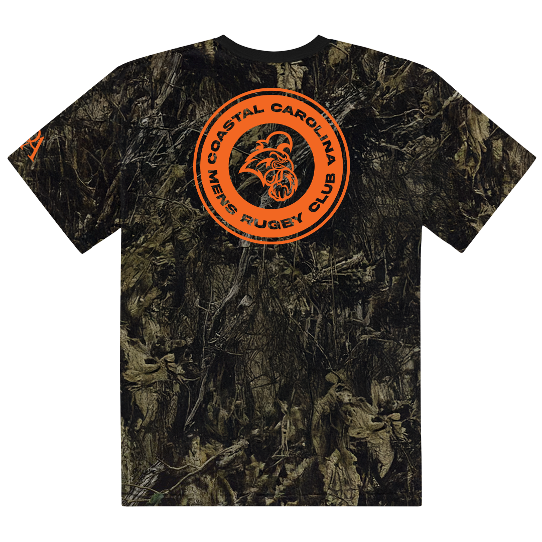 Rep Coastal Carolina Men’s Rugby Club in comfort and style with this camo cotton tee. Made from soft, 100% cotton with a classic fit and tonal camouflage print, it’s finished with high-contrast orange team logos and reinforced stitching for everyday wear—perfect for match day, the tailgate, or straight-up street style.
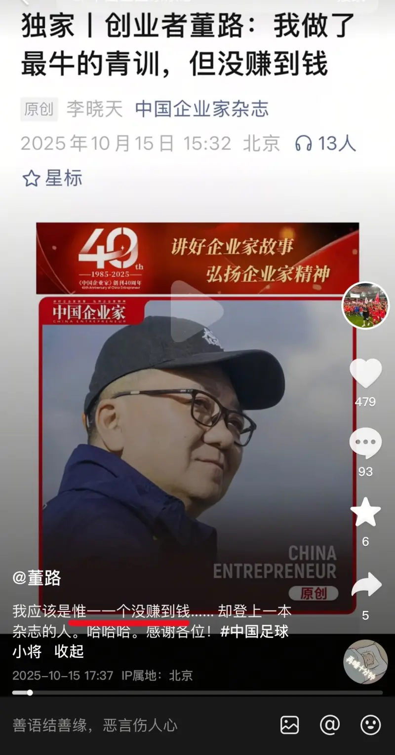 董路自稱(chēng)自己做青訓沒(méi)掙到錢(qián),您信嗎?
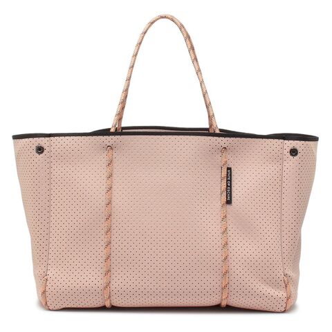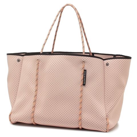 STATE OF ESCAPE(ステートオブエスケープ)のトートバッグが入荷しました☆流行りに左右されない、ブランド定番モデルのトートバッグ。パンチングされたネオプレン生地とロープを使用しており、シンプルながらもディティールにこだわったアイテムです。サイドのスナップボタンを留めることで、コンパクトなスタイルにも対応します。
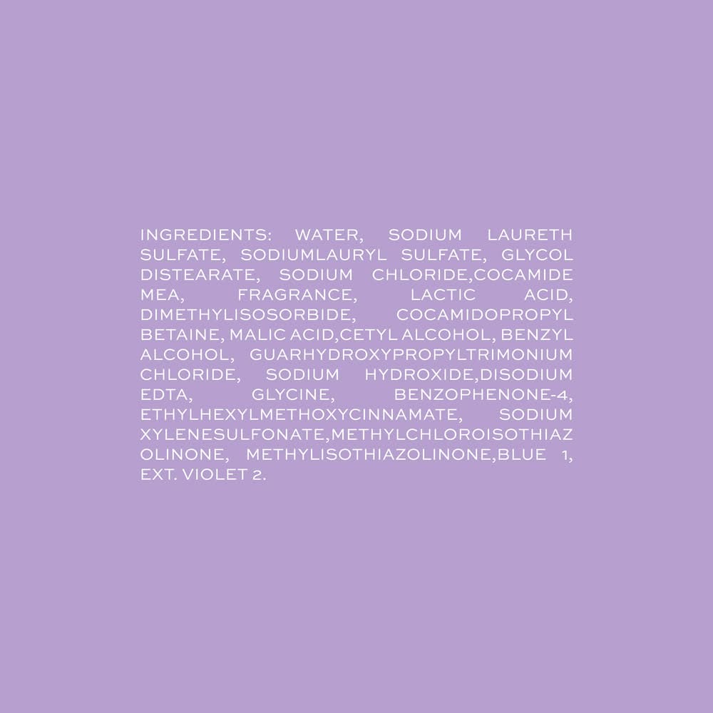Ingredients: Water, Sodium Laureth Sulfate, Sodium Lauryl Sulfate, Glycol Distearate, Sodium Chloride, Cocamide MEA, Fragrance, Lactic Acid, Dimethyl Isosorbide, Cocamidopropyl Betaine, Malic Acid, Cetyl Alcohol, Benzyl Alcohol, Guar Hydroxypropyltrimonium Chloride, Ext. Violet 2, Sodium Hydroxide, Disodium EDTA, Glycine, Benzophenone-4, Ethylhexyl Methoxycinnamate, Blue 1, Sodium Xylenesulfonate, Methylchloroisothiazolinone, Methylisothiazolinone.
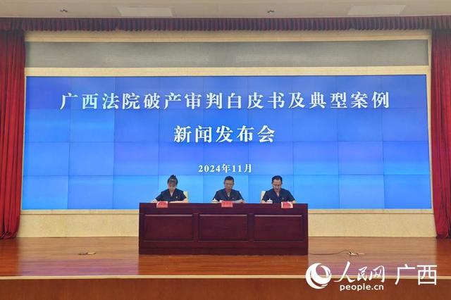 人民网南宁11月20日电 (记者朱晓玲)11月20日,广西高级人民法院举办新闻发布会,发布广西法院破产审判白皮书和破产审判典型案例。
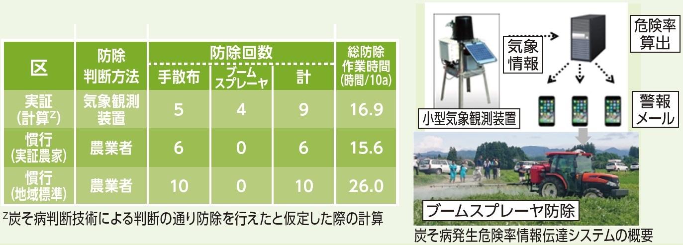- 小型気象観測装置を用いたすいか炭そ病防除判断技術と、自動操舵システムとブームスプレーヤを組み合わせて防除を行った場合、総防除作業時間が約35%減少(26時間/10a→16.9時間/10a)すると試算された。
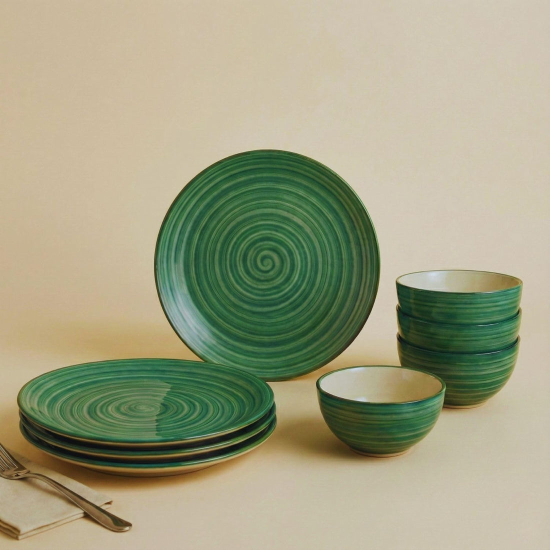 Freakway Hand-Painted 'Sea Swirls' Dinner Set Ceramic Stoneware Dinner Set of 8 Pieces | 4 Ceramic Dinner Plate and 4 Bowl/katori | Bone Ash Free | Microwave and Dishwasher Safe - Green
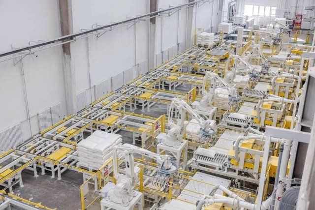 仓储环节中,智能立体仓库是仓储周转核心枢纽,12层高自动化立库库容 1.2万吨,自动堆垛机、自动翻垛机等自动化设备及智能化系统与WMS系统协同运作,系统智能分配货位、堆垛机自动存取,实现库存实时更新与账实同步,大幅提升仓储效率,满足规模化存储与灵活调配需求。
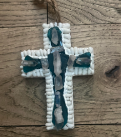 Exquisite, one of a kind cross created on a metal base!  Each cross is signed by the artist Julie Wishmeyer. This would add a touch of flair to any wall décor from contemporary to western!
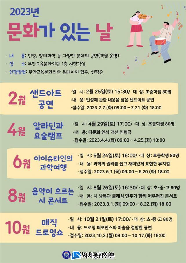 | ºÎ¾È±³À°¹®Èȸ°ü, ÇлýÀÇ ¿¹¼úÀû °¨¼ö¼ºÀ» ä¿ì´Â ¡¸¹®È°¡ ÀÖ´Â ³¯¡¹ ¿î¿µ Çлý ´ë»óÀ¸·Î Àμº µî ´Ù¾çÇÑ ºÐ¾ßÀÇ °ø¿¬, 2¿ùºÎÅÍ 10¿ù±îÁö °Ý¿ù ¿î¿µ |
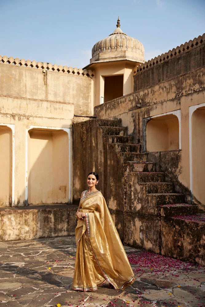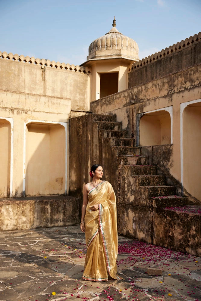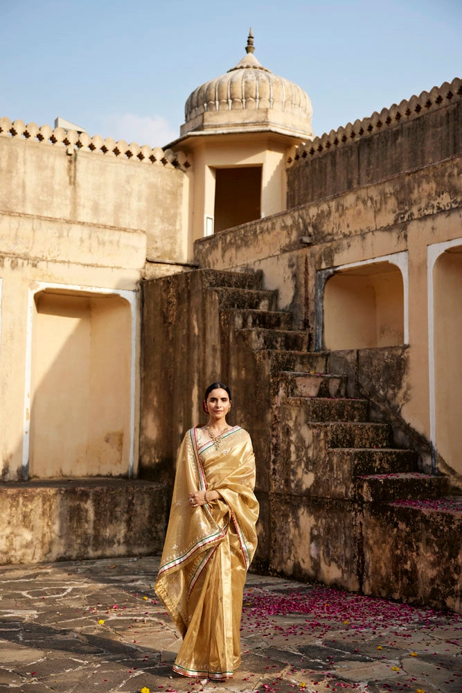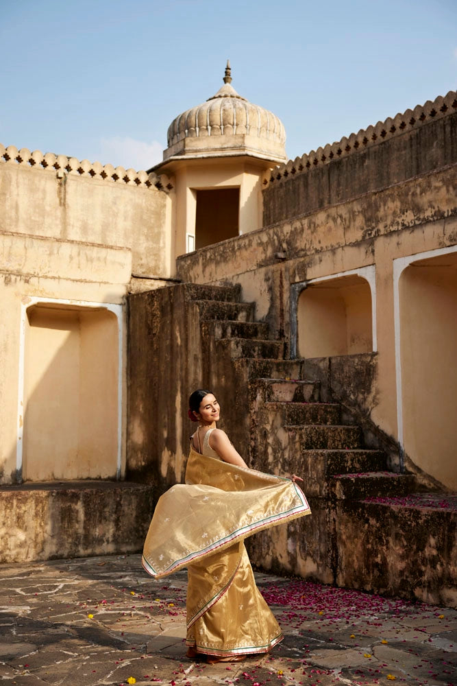 Geroo Jaipur features one of its kind prosperous drape from the house of Banaras. The saree is crafted in banarasi tissue with alluring hand-embroidered gota detailings to create majestic beauty. It is further adorned with gota lace and kirran on the pallu. The shade of gold and rich detailing make the drape an affluent, timeless classic. It is paired with a matching brocade blouse piece.
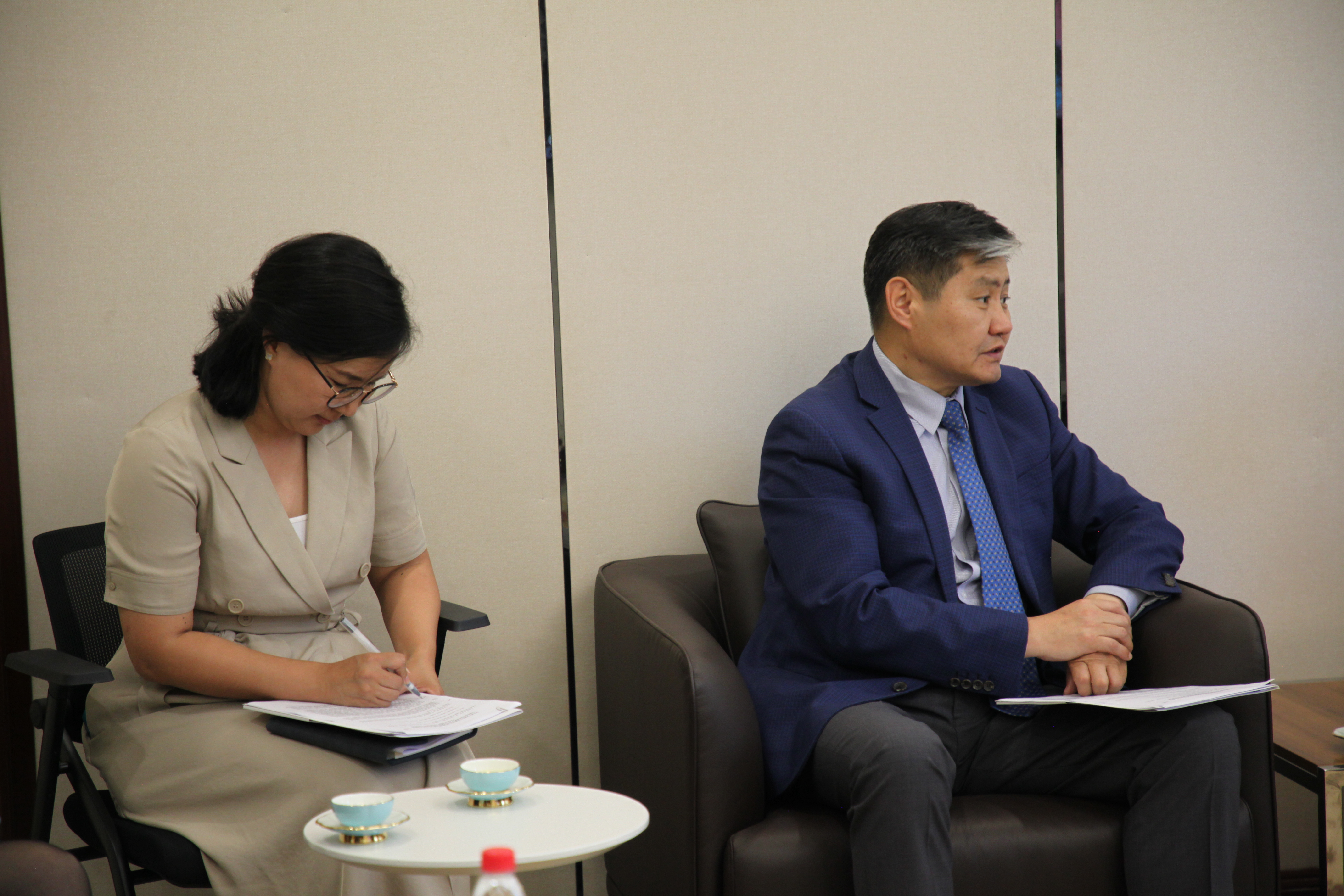 2021年6月21日下午,蒙古国驻华大使T.巴德尔勒、蒙古国驻华使馆公使衔参赞D.布拉根女士一行来访3003新葡平台登录入口,与党委书记李淑静进行了会谈,同蒙古学研究中心师生见面并交流。
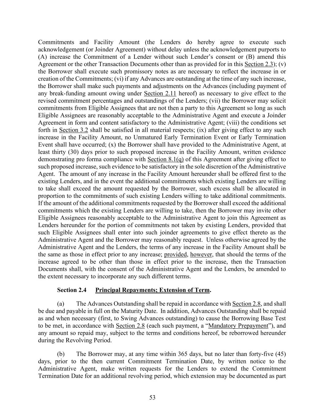 53 Commitments and Facility Amount (the Lenders do hereby agree to execute such acknowledgement (or Joinder Agreement) without delay unless the acknowledgement purports to (A) increase the Commitment of a Lender without such Lender’s consent or (B) amend this Agreement or the other Transaction Documents other than as provided for in this Section 2.3); (v) the Borrower shall execute such promissory notes as are necessary to reflect the increase in or creation of the Commitments; (vi) if any Advances are outstanding at the time of any such increase, the Borrower shall make such payments and adjustments on the Advances (including payment of any break-funding amount owing under Section 2.11 hereof) as necessary to give effect to the revised commitment percentages and outstandings of the Lenders; (vii) the Borrower may solicit commitments from Eligible Assignees that are not then a party to this Agreement so long as such Eligible Assignees are reasonably acceptable to the Administrative Agent and execute a Joinder Agreement in form and content satisfactory to the Administrative Agent; (viii) the conditions set forth in Section 3.2 shall be satisfied in all material respects; (ix) after giving effect to any such increase in the Facility Amount, no Unmatured Early Termination Event or Early Termination Event shall have occurred; (x) the Borrower shall have provided to the Administrative Agent, at least thirty (30) days prior to such proposed increase in the Facility Amount, written evidence demonstrating pro forma compliance with Section 8.1(q) of this Agreement after giving effect to such proposed increase, such evidence to be satisfactory in the sole discretion of the Administrative Agent. The amount of any increase in the Facility Amount hereunder shall be offered first to the existing Lenders, and in the event the additional commitments which existing Lenders are willing to take shall exceed the amount requested by the Borrower, such excess shall be allocated in proportion to the commitments of such existing Lenders willing to take additional commitments. If the amount of the additional commitments requested by the Borrower shall exceed the additional commitments which the existing Lenders are willing to take, then the Borrower may invite other Eligible Assignees reasonably acceptable to the Administrative Agent to join this Agreement as Lenders hereunder for the portion of commitments not taken by existing Lenders, provided that such Eligible Assignees shall enter into such joinder agreements to give effect thereto as the Administrative Agent and the Borrower may reasonably request. Unless otherwise agreed by the Administrative Agent and the Lenders, the terms of any increase in the Facility Amount shall be the same as those in effect prior to any increase; provided, however, that should the terms of the increase agreed to be other than those in effect prior to the increase, then the Transaction Documents shall, with the consent of the Administrative Agent and the Lenders, be amended to the extent necessary to incorporate any such different terms. Section 2.4 Principal Repayments; Extension of Term. (a) The Advances Outstanding shall be repaid in accordance with Section 2.8, and shall be due and payable in full on the Maturity Date. In addition, Advances Outstanding shall be repaid as and when necessary (first, to Swing Advances outstanding) to cause the Borrowing Base Test to be met, in accordance with Section 2.8 (each such payment, a “Mandatory Prepayment”), and any amount so repaid may, subject to the terms and conditions hereof, be reborrowed hereunder during the Revolving Period. (b) The Borrower may, at any time within 365 days, but no later than forty-five (45) days, prior to the then current Commitment Termination Date, by written notice to the Administrative Agent, make written requests for the Lenders to extend the Commitment Termination Date for an additional revolving period, which extension may be documented as part

━━━

TASK DETAILS: Go back to the records above and write them out exactly, without the pictures.

ANSWER SECTION:
 Rep Coastal Carolina Men’s Rugby Club in comfort and style with this camo cotton tee. Made from soft, 100% cotton with a classic fit and tonal camouflage print, it’s finished with high-contrast orange team logos and reinforced stitching for everyday wear—perfect for match day, the tailgate, or straight-up street style.
 董路自稱(chēng)自己做青訓沒(méi)掙到錢(qián),您信嗎?
 STATE OF ESCAPE(ステートオブエスケープ)のトートバッグが入荷しました☆流行りに左右されない、ブランド定番モデルのトートバッグ。パンチングされたネオプレン生地とロープを使用しており、シンプルながらもディティールにこだわったアイテムです。サイドのスナップボタンを留めることで、コンパクトなスタイルにも対応します。
Ingredients: Water, Sodium Laureth Sulfate, Sodium Lauryl Sulfate, Glycol Distearate, Sodium Chloride, Cocamide MEA, Fragrance, Lactic Acid, Dimethyl Isosorbide, Cocamidopropyl Betaine, Malic Acid, Cetyl Alcohol, Benzyl Alcohol, Guar Hydroxypropyltrimonium Chloride, Ext. Violet 2, Sodium Hydroxide, Disodium EDTA, Glycine, Benzophenone-4, Ethylhexyl Methoxycinnamate, Blue 1, Sodium Xylenesulfonate, Methylchloroisothiazolinone, Methylisothiazolinone.
 人民网南宁11月20日电 (记者朱晓玲)11月20日,广西高级人民法院举办新闻发布会,发布广西法院破产审判白皮书和破产审判典型案例。
- 小型気象観測装置を用いたすいか炭そ病防除判断技術と、自動操舵システムとブームスプレーヤを組み合わせて防除を行った場合、総防除作業時間が約35%減少(26時間/10a→16.9時間/10a)すると試算された。
 Freakway Hand-Painted 'Sea Swirls' Dinner Set Ceramic Stoneware Dinner Set of 8 Pieces | 4 Ceramic Dinner Plate and 4 Bowl/katori | Bone Ash Free | Microwave and Dishwasher Safe - Green
 仓储环节中,智能立体仓库是仓储周转核心枢纽,12层高自动化立库库容 1.2万吨,自动堆垛机、自动翻垛机等自动化设备及智能化系统与WMS系统协同运作,系统智能分配货位、堆垛机自动存取,实现库存实时更新与账实同步,大幅提升仓储效率,满足规模化存储与灵活调配需求。
 Exquisite, one of a kind cross created on a metal base!  Each cross is signed by the artist Julie Wishmeyer. This would add a touch of flair to any wall décor from contemporary to western!
 | ºÎ¾È±³À°¹®Èȸ°ü, ÇлýÀÇ ¿¹¼úÀû °¨¼ö¼ºÀ» ä¿ì´Â ¡¸¹®È°¡ ÀÖ´Â ³¯¡¹ ¿î¿µ Çлý ´ë»óÀ¸·Î Àμº µî ´Ù¾çÇÑ ºÐ¾ßÀÇ °ø¿¬, 2¿ùºÎÅÍ 10¿ù±îÁö °Ý¿ù ¿î¿µ |
 Geroo Jaipur features one of its kind prosperous drape from the house of Banaras. The saree is crafted in banarasi tissue with alluring hand-embroidered gota detailings to create majestic beauty. It is further adorned with gota lace and kirran on the pallu. The shade of gold and rich detailing make the drape an affluent, timeless classic. It is paired with a matching brocade blouse piece.
 2021年6月21日下午,蒙古国驻华大使T.巴德尔勒、蒙古国驻华使馆公使衔参赞D.布拉根女士一行来访3003新葡平台登录入口,与党委书记李淑静进行了会谈,同蒙古学研究中心师生见面并交流。
 53 Commitments and Facility Amount (the Lenders do hereby agree to execute such acknowledgement (or Joinder Agreement) without delay unless the acknowledgement purports to (A) increase the Commitment of a Lender without such Lender’s consent or (B) amend this Agreement or the other Transaction Documents other than as provided for in this Section 2.3); (v) the Borrower shall execute such promissory notes as are necessary to reflect the increase in or creation of the Commitments; (vi) if any Advances are outstanding at the time of any such increase, the Borrower shall make such payments and adjustments on the Advances (including payment of any break-funding amount owing under Section 2.11 hereof) as necessary to give effect to the revised commitment percentages and outstandings of the Lenders; (vii) the Borrower may solicit commitments from Eligible Assignees that are not then a party to this Agreement so long as such Eligible Assignees are reasonably acceptable to the Administrative Agent and execute a Joinder Agreement in form and content satisfactory to the Administrative Agent; (viii) the conditions set forth in Section 3.2 shall be satisfied in all material respects; (ix) after giving effect to any such increase in the Facility Amount, no Unmatured Early Termination Event or Early Termination Event shall have occurred; (x) the Borrower shall have provided to the Administrative Agent, at least thirty (30) days prior to such proposed increase in the Facility Amount, written evidence demonstrating pro forma compliance with Section 8.1(q) of this Agreement after giving effect to such proposed increase, such evidence to be satisfactory in the sole discretion of the Administrative Agent. The amount of any increase in the Facility Amount hereunder shall be offered first to the existing Lenders, and in the event the additional commitments which existing Lenders are willing to take shall exceed the amount requested by the Borrower, such excess shall be allocated in proportion to the commitments of such existing Lenders willing to take additional commitments. If the amount of the additional commitments requested by the Borrower shall exceed the additional commitments which the existing Lenders are willing to take, then the Borrower may invite other Eligible Assignees reasonably acceptable to the Administrative Agent to join this Agreement as Lenders hereunder for the portion of commitments not taken by existing Lenders, provided that such Eligible Assignees shall enter into such joinder agreements to give effect thereto as the Administrative Agent and the Borrower may reasonably request. Unless otherwise agreed by the Administrative Agent and the Lenders, the terms of any increase in the Facility Amount shall be the same as those in effect prior to any increase; provided, however, that should the terms of the increase agreed to be other than those in effect prior to the increase, then the Transaction Documents shall, with the consent of the Administrative Agent and the Lenders, be amended to the extent necessary to incorporate any such different terms. Section 2.4 Principal Repayments; Extension of Term. (a) The Advances Outstanding shall be repaid in accordance with Section 2.8, and shall be due and payable in full on the Maturity Date. In addition, Advances Outstanding shall be repaid as and when necessary (first, to Swing Advances outstanding) to cause the Borrowing Base Test to be met, in accordance with Section 2.8 (each such payment, a “Mandatory Prepayment”), and any amount so repaid may, subject to the terms and conditions hereof, be reborrowed hereunder during the Revolving Period. (b) The Borrower may, at any time within 365 days, but no later than forty-five (45) days, prior to the then current Commitment Termination Date, by written notice to the Administrative Agent, make written requests for the Lenders to extend the Commitment Termination Date for an additional revolving period, which extension may be documented as part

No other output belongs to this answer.